## Work to complete
Beginning with the line that holds "list of the" in the data below, give again every line through the one that holds "Sladdlös epilator Oasis", exactly as written.

## Provided data

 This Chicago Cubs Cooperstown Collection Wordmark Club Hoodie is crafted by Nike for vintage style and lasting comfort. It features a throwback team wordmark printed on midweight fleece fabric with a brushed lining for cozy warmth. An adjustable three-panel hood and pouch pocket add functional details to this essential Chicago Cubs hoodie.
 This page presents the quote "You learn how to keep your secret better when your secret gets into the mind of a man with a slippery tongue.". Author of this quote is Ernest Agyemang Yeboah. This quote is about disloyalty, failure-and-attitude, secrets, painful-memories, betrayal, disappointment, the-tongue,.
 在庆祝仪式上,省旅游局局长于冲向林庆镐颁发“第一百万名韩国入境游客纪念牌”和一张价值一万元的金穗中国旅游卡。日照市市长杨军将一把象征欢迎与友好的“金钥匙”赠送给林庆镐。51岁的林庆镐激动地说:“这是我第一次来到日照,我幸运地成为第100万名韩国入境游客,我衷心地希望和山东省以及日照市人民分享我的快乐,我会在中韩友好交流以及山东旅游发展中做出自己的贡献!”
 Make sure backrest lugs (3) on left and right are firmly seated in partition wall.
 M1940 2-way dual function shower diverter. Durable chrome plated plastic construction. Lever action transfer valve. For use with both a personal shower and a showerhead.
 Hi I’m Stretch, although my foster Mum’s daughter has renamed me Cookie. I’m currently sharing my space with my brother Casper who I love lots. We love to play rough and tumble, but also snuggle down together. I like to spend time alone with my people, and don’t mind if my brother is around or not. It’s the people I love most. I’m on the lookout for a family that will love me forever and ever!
...
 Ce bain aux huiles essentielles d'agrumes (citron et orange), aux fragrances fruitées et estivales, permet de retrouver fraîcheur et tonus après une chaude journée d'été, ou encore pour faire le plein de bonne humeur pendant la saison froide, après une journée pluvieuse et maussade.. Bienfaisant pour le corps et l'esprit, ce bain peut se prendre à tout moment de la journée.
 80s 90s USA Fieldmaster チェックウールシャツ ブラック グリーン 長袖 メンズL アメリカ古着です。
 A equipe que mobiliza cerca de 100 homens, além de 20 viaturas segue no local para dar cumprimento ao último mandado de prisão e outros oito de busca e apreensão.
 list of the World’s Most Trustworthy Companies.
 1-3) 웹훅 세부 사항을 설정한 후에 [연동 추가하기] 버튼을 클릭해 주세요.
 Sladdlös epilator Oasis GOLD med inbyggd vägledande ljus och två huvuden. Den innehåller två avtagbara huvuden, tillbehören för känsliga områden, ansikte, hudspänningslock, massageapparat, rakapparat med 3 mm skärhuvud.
==
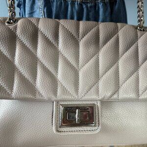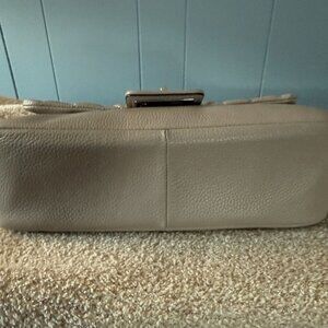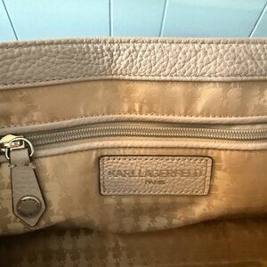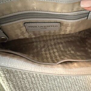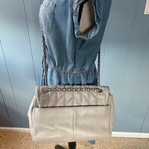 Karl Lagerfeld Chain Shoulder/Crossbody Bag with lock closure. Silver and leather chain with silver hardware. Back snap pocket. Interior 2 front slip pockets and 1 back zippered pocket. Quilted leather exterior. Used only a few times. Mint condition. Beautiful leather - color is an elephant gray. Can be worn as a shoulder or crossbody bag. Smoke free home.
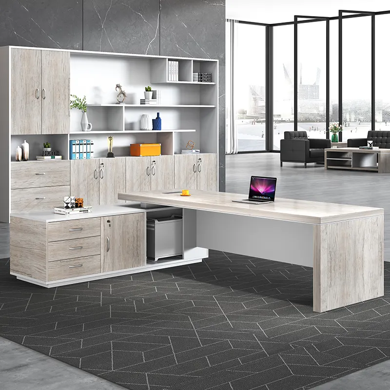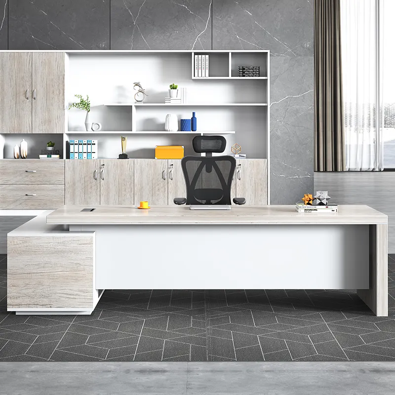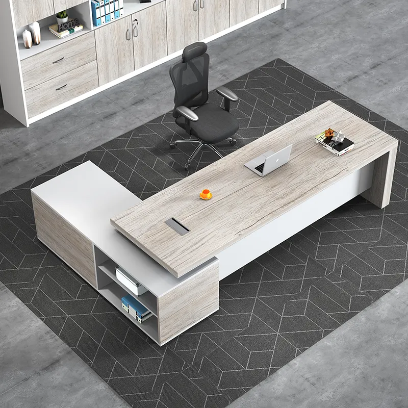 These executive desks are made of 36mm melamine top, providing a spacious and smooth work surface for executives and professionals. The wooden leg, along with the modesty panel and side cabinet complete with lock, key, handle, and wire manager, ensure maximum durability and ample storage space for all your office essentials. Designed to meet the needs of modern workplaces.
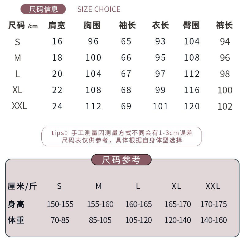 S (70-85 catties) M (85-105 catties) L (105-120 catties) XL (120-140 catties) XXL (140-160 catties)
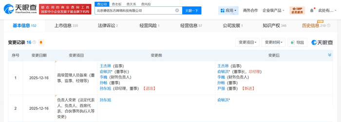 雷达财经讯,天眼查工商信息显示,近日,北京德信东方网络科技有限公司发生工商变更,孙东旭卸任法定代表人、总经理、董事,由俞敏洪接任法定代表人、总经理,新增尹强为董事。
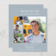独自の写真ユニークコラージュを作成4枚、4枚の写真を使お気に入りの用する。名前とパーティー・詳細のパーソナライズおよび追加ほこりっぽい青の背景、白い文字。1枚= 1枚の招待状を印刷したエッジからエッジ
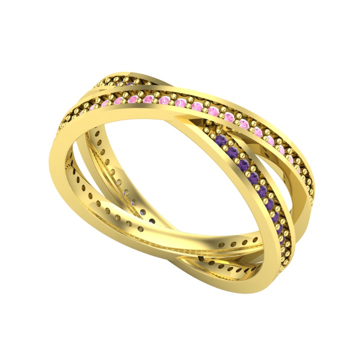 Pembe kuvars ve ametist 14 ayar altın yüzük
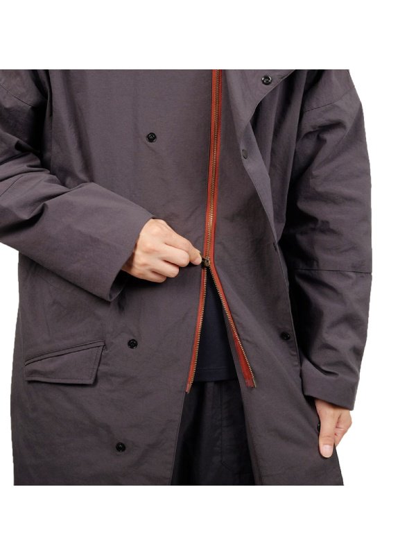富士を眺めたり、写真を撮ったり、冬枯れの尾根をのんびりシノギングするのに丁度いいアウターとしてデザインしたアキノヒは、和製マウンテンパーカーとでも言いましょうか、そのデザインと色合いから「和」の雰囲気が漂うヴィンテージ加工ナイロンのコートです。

## Answer
 list of the World’s Most Trustworthy Companies.
 1-3) 웹훅 세부 사항을 설정한 후에 [연동 추가하기] 버튼을 클릭해 주세요.
 Sladdlös epilator Oasis GOLD med inbyggd vägledande ljus och två huvuden. Den innehåller två avtagbara huvuden, tillbehören för känsliga områden, ansikte, hudspänningslock, massageapparat, rakapparat med 3 mm skärhuvud.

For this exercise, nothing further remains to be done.